In order to have the ASD/PDA side officially diagnosed, Sam now has to see a Consultant Psychologist and both reports consolidated..so we have set that up. 

I have sat and cried in private over the last few days, no matter what you suspect yourself, it's still hard to hear it in clinical terms and there is a sort of grieving process...not because your child has changed in anyway...they are still the much loved bundle of wonder...just that you wish some things were easier for them. You can also feel a little alone, especially as a home edder, where the strategies to help your child come solely from you as a parent and educator. 
Luckily I am able to talk to my friends and they offer their usual love and support as we go through this transition.

The rest of the week was tricky in all sorts of ways.

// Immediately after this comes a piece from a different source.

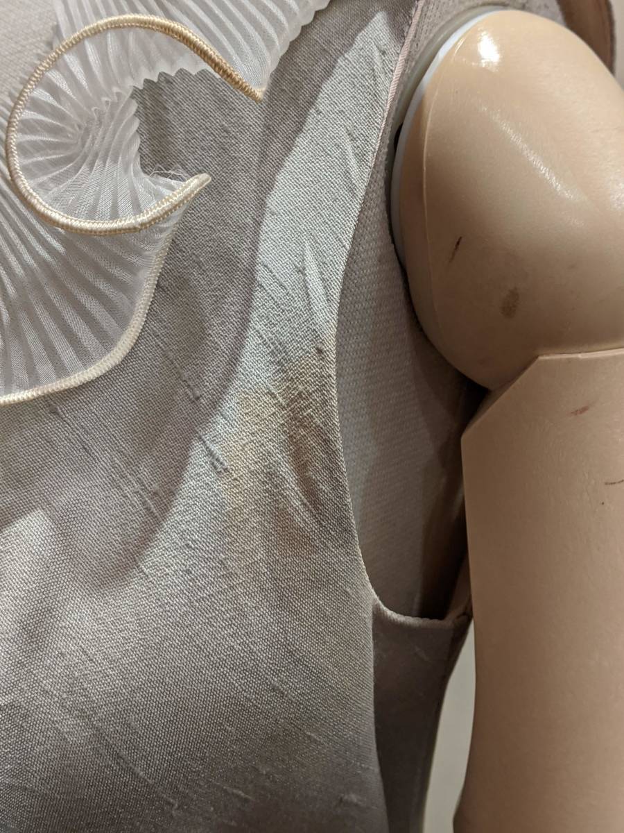 生地自体はしっかりしておりますので、羽織りと重ねるなり、シミが気にならなければまだまだ着て頂けます

Both boys were tired and over wrought and getting them to engage in any task was challenging. I decided to give us the rest of the week off. They attended jujitsu and played with friends.

One day they went to the cinema to watch the Fantastic Four movie , which they thoroughly enjoyed , devouring a packet of peanut M & M's and Haribo minions whilst wriggling about and asking ten thousand questions. On the way back , they stopped off for pizza , which was swiftly despatched upon arrival back at Whitzend.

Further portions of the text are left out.